When the line with "Wyrafinowane motylki kolczyki" turns up below, begin repeating exactly, and carry on through the line with "An intricately designed"; no pictures go into the copy.

[Data records]
____

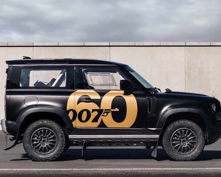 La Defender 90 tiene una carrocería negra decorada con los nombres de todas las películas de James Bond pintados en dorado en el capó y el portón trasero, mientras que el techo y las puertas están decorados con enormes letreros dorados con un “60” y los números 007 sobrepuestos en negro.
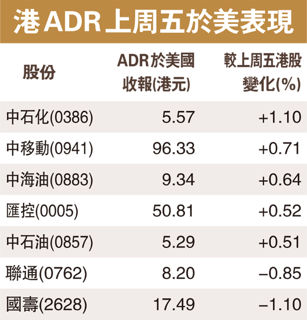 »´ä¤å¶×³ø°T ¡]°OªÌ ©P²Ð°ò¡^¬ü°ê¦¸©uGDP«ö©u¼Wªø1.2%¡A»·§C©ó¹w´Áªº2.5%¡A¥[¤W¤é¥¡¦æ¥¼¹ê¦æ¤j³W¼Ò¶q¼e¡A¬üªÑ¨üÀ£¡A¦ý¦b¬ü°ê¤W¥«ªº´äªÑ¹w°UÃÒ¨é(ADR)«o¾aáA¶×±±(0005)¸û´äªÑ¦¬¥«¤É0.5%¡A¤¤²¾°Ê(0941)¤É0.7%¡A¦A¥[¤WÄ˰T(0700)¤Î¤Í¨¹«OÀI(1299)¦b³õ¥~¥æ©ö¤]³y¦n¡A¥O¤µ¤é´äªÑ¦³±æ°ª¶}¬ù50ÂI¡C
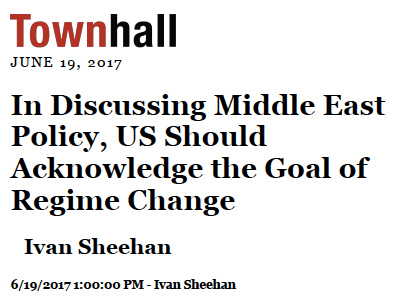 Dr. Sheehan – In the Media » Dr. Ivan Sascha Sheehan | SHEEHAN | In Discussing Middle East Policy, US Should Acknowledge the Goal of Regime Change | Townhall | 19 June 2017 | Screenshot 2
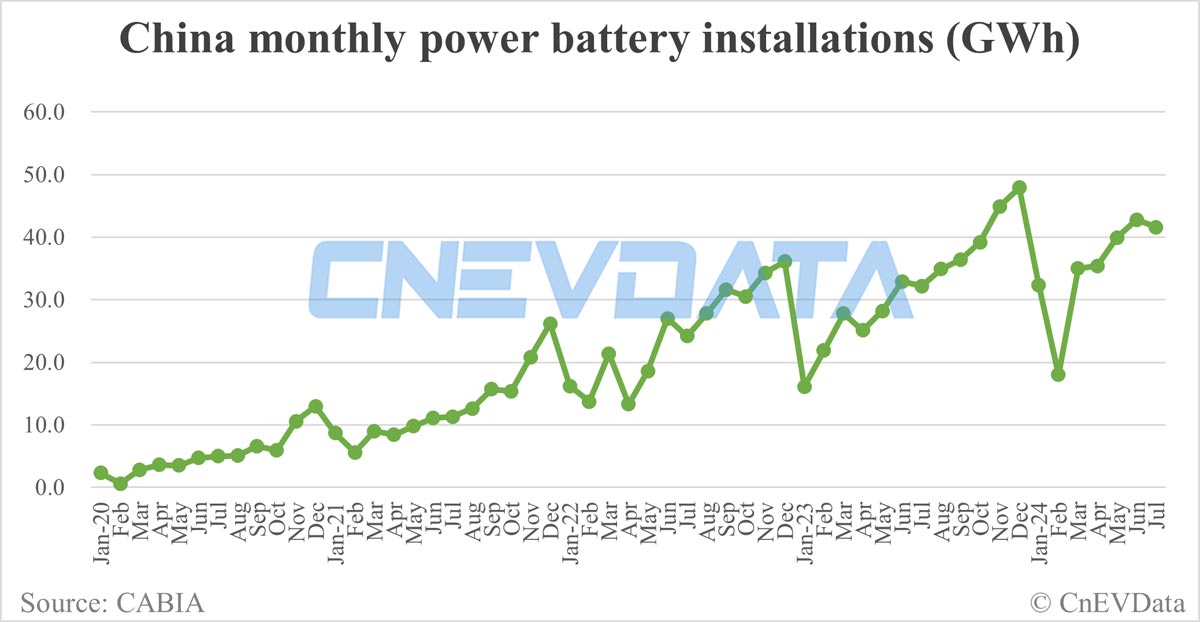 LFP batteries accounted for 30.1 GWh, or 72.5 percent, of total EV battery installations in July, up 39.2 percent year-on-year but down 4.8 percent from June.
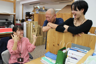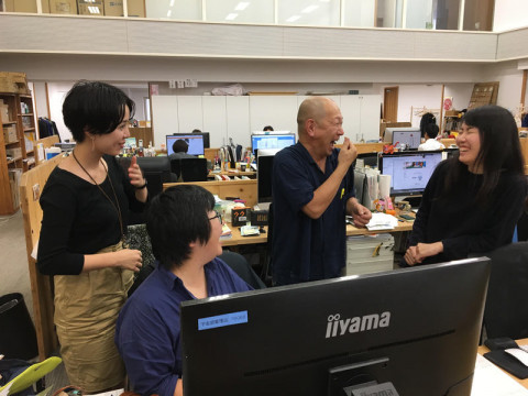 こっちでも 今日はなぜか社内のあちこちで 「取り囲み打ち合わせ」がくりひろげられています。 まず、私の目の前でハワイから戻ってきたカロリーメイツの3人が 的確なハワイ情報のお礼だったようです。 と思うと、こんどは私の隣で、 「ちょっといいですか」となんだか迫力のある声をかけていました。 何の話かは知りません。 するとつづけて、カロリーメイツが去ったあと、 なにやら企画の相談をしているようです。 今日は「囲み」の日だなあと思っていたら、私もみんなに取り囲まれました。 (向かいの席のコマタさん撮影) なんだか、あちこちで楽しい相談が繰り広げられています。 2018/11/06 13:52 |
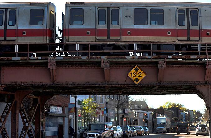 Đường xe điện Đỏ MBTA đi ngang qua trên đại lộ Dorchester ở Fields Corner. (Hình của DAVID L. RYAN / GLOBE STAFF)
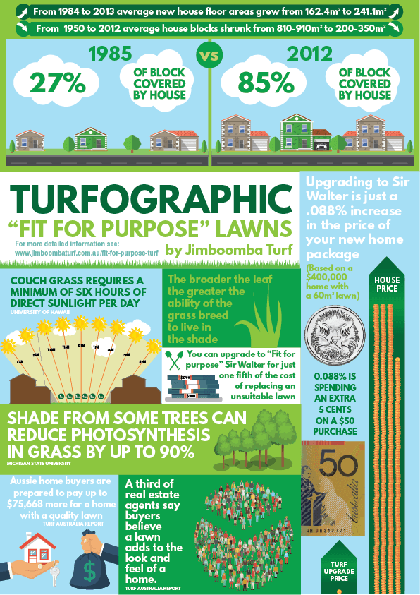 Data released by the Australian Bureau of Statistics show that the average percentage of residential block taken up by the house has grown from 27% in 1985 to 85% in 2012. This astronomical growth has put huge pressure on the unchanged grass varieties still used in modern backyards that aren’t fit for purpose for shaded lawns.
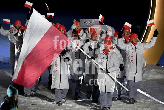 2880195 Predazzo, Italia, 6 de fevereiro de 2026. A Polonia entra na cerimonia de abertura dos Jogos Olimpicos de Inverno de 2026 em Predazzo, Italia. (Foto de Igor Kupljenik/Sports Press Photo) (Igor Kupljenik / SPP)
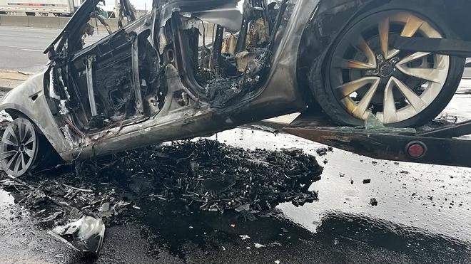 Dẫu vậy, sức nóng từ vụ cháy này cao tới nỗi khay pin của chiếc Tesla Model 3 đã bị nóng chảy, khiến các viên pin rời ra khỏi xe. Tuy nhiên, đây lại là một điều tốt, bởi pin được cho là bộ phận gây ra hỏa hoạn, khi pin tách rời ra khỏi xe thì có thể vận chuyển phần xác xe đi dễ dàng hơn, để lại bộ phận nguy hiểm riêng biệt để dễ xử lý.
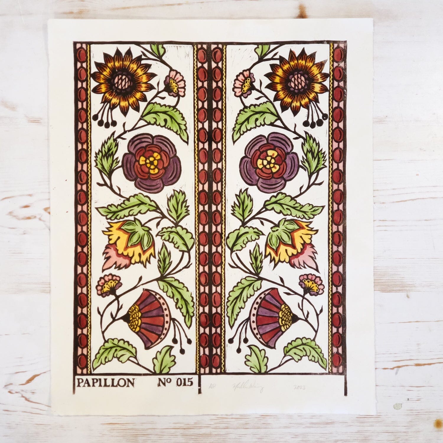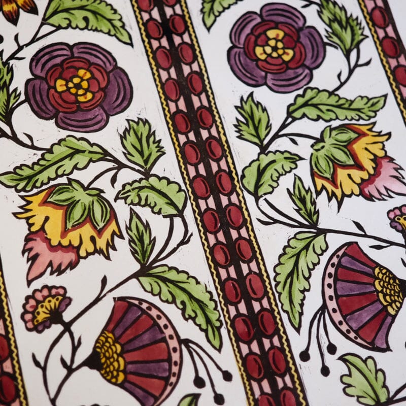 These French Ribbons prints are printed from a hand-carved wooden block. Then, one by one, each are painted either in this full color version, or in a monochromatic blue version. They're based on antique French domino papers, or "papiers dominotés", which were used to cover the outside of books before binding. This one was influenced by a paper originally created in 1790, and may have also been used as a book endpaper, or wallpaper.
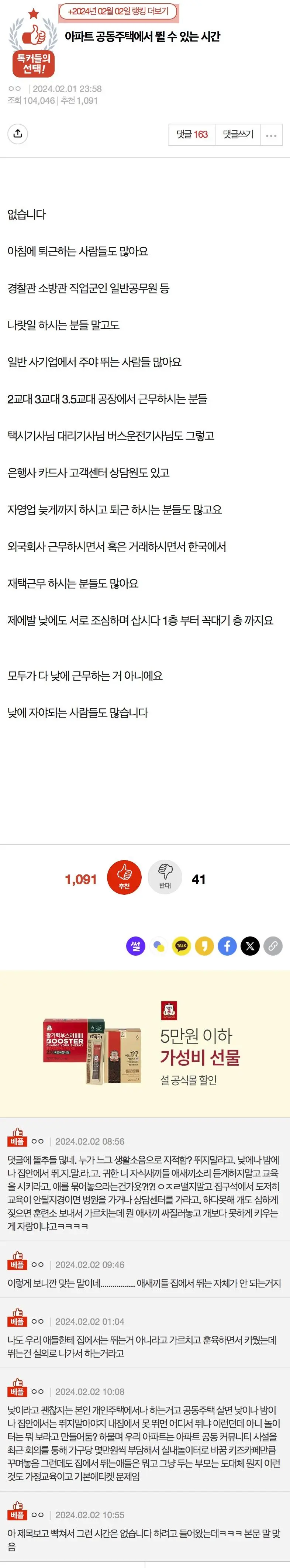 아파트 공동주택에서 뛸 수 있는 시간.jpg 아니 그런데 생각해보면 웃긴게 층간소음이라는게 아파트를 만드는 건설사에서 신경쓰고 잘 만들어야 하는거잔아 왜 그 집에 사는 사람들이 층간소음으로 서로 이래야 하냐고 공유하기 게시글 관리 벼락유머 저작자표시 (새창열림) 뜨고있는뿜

____

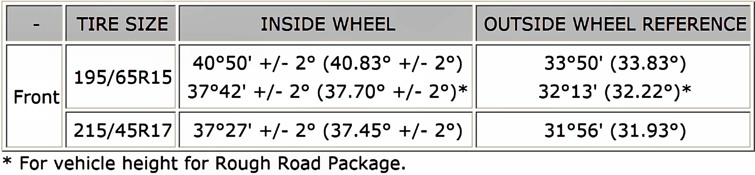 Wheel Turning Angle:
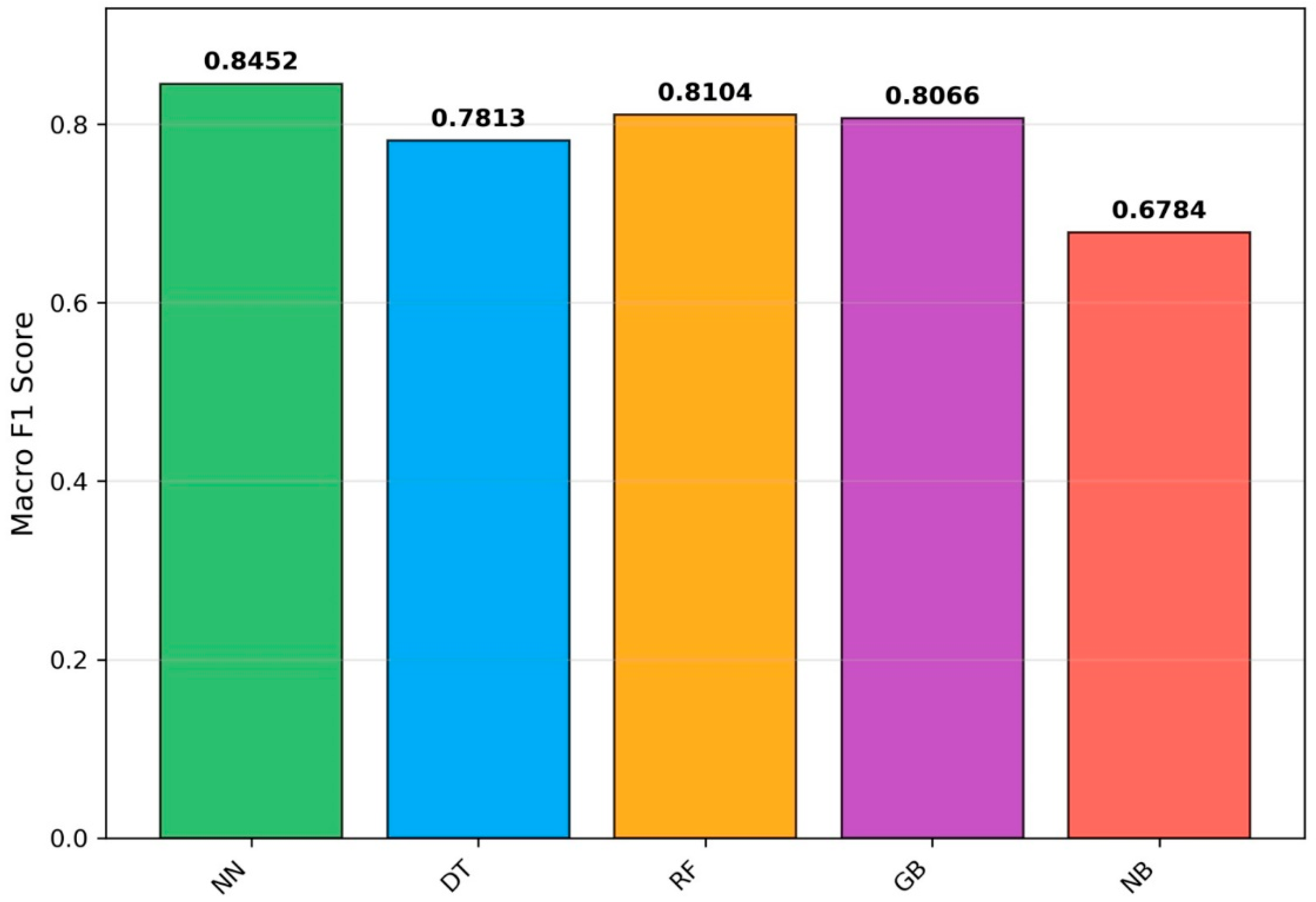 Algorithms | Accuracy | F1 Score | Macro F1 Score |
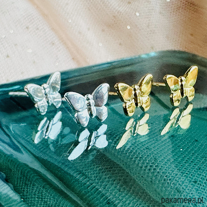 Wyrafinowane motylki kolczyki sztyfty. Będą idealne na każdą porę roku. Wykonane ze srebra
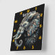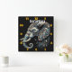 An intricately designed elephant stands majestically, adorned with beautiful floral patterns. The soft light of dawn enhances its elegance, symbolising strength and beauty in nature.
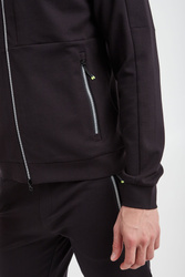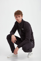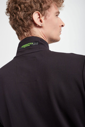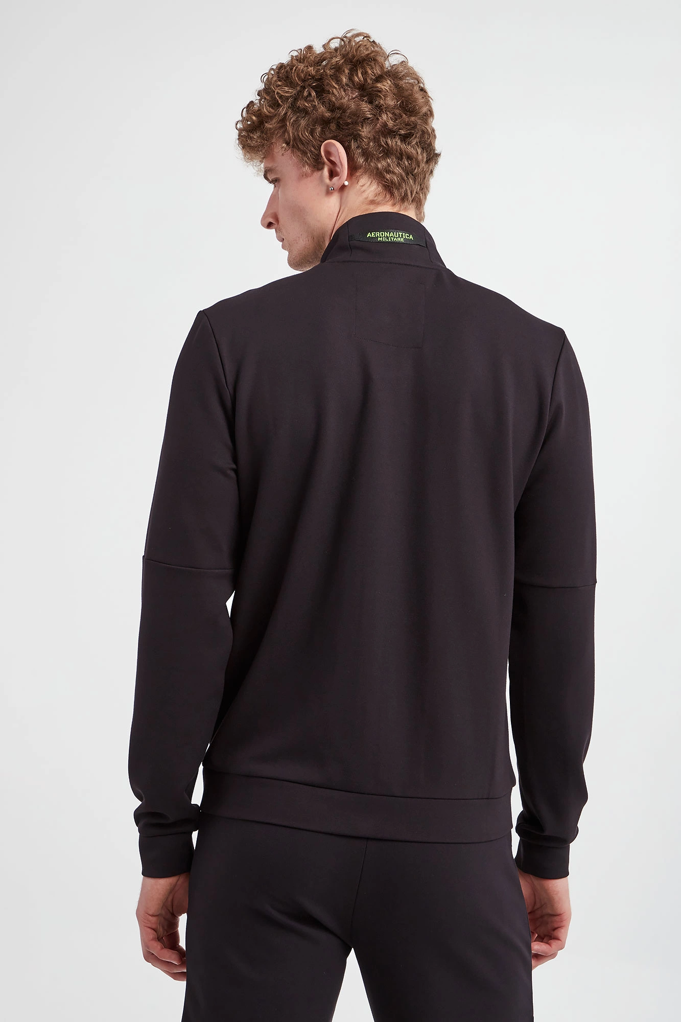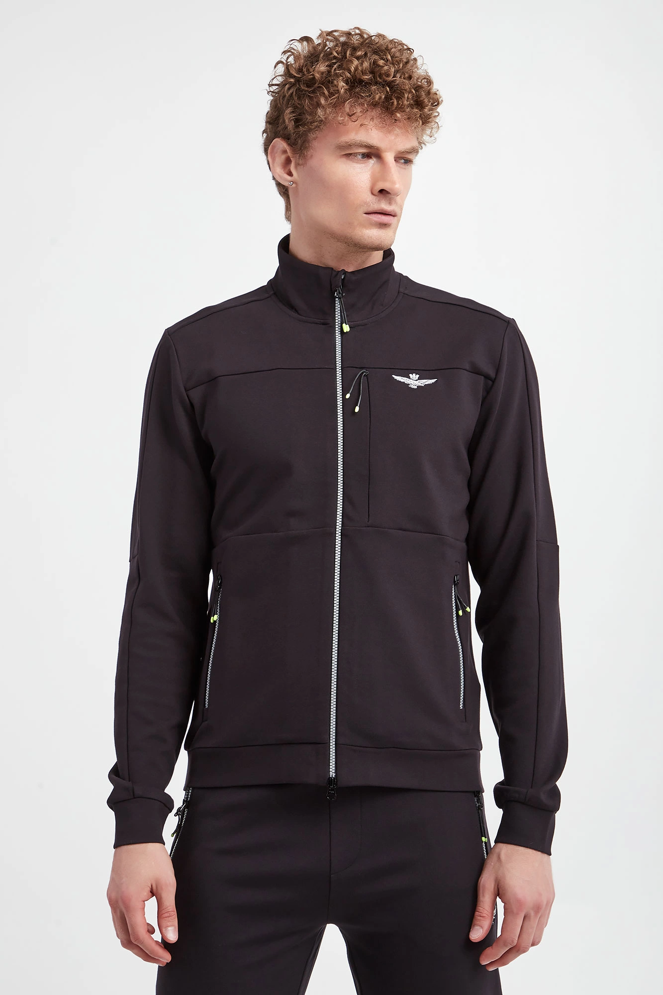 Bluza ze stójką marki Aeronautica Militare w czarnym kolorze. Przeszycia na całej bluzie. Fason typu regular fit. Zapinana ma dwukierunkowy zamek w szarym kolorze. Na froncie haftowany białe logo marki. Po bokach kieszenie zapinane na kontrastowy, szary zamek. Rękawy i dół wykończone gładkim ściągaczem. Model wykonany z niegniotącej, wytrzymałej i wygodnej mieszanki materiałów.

____

**Task result**
 Wyrafinowane motylki kolczyki sztyfty. Będą idealne na każdą porę roku. Wykonane ze srebra
 An intricately designed elephant stands majestically, adorned with beautiful floral patterns. The soft light of dawn enhances its elegance, symbolising strength and beauty in nature.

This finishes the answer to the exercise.